In the Market Breadth ratios published, green color of the ratio indicates a value of more than 2 and red color indicates a value of less than 0.5. Green color means general market conditions are to the upside and red color indicates the general market conditions are to the downside. These colors indicate breadth thrust. The Market Breadth ratios are also useful in interpreting the market when they are in extreme zones (outliers); this can show the market is extremely oversold. A third way is to see the market breadth diverging from the S&P500 index. In this case the S&P500 index may be trending up but the Market Breadth ratios may be trending down, showing a divergence in trend between the S&P500 index and the Market Breadth ratios. This indicates that most of the stocks are not participating in the markets up move, and soon the market may top out.


References: stockbee.blogspot.com (A very useful website to follow)
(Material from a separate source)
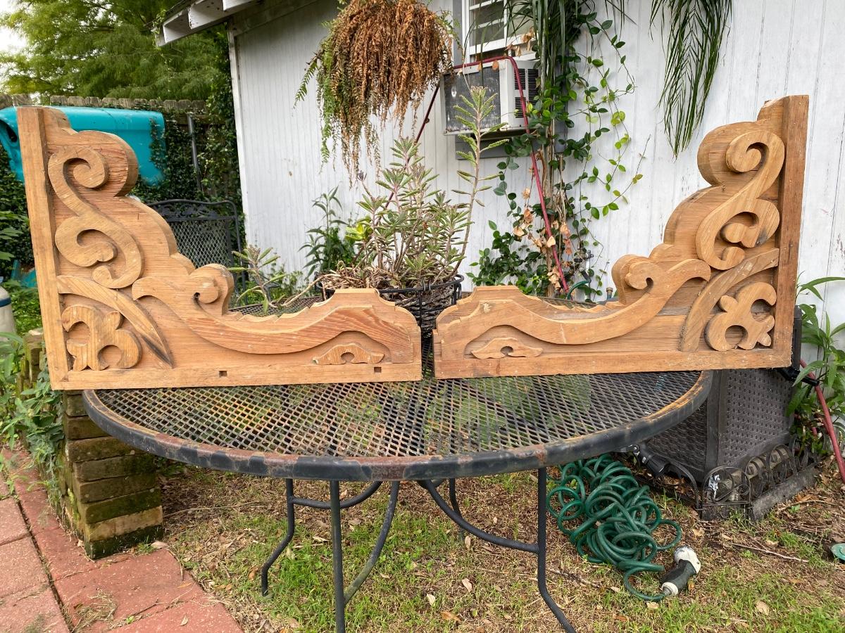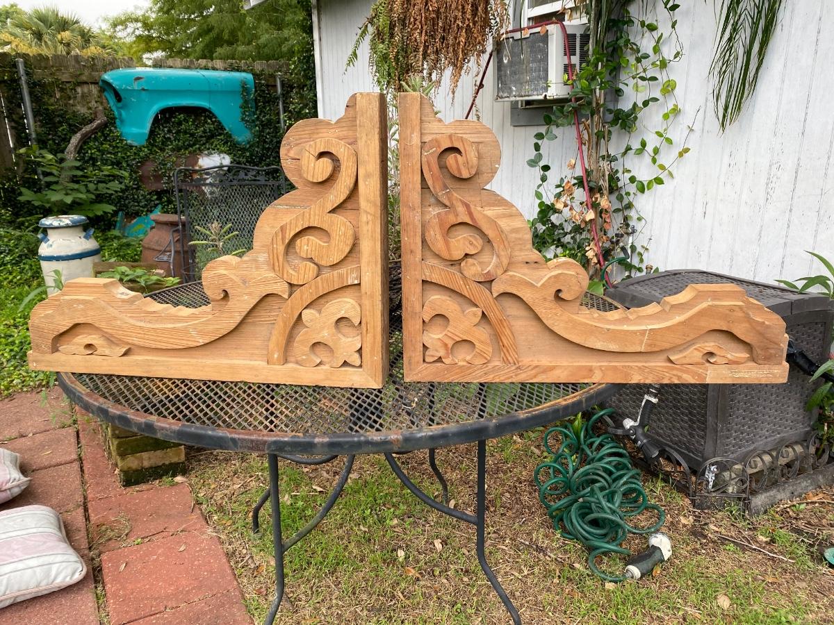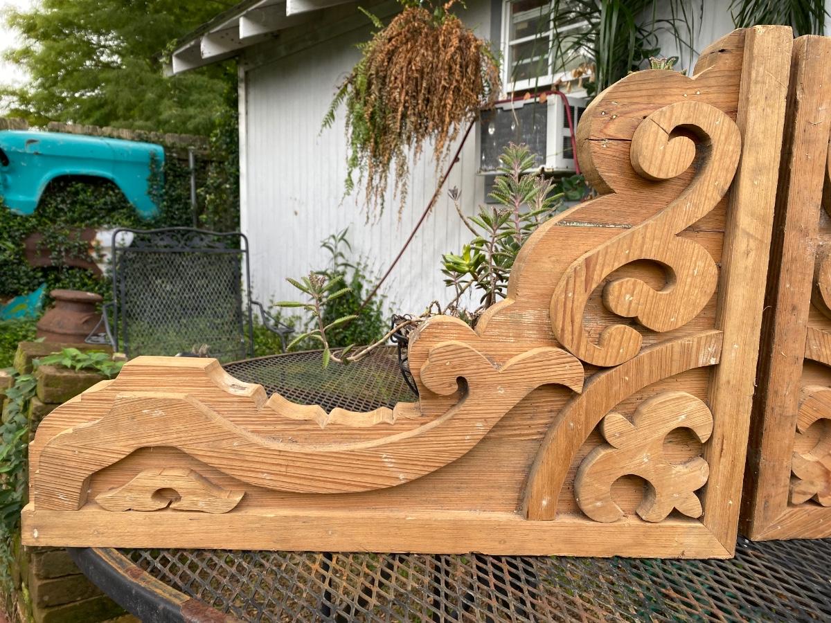 Pair of beautiful large vintage carved cypress corbels. Approx 24-1/2” x 18” x 3”
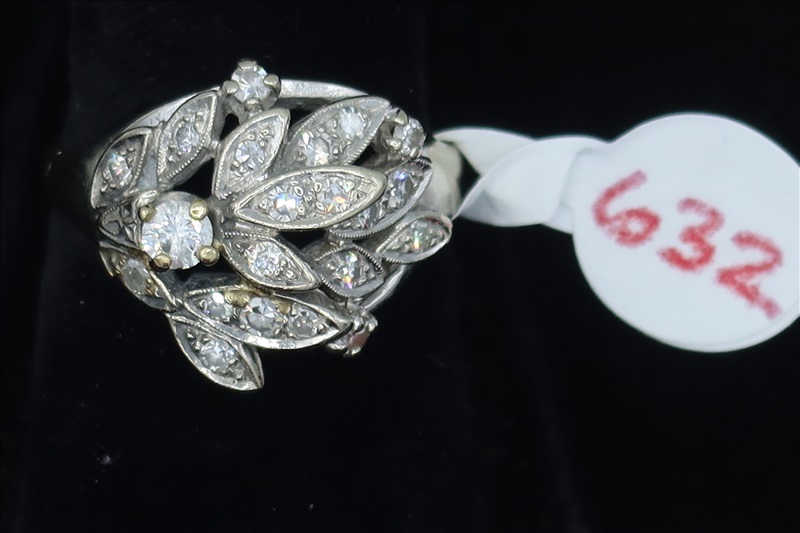 LOT, (1) WHITE METAL RING WITH CLEAR STONES, SIZE: 7.75 (TESTS POSITIVE FOR DIAMONDS)

Market Breadth ratios is just one very useful tool to judge the general market conditions. I will discuss and explain other tools in future blogs. It is possible, if you are investing in momentum stocks (like the stocks with high composite ratings in Investor’s Business Daily) that the Market Breadth ratio may be giving a positive signal but your stocks are not making money. The time to be fully invested in the market is when the Market Breadth ratio is giving positive signals for the general market conditions and the momentum stocks general list (an index made of these stocks) is in uptrend and showing good price pattern formation. At other times one needs to be patient till all ducks are in a row, even if you feel the market is leaving you behind.  To quote Livermore “One of the most helpful things one can learn is to give up trying to catch the last eight or the first. These two are the most expensive eighths in the world.”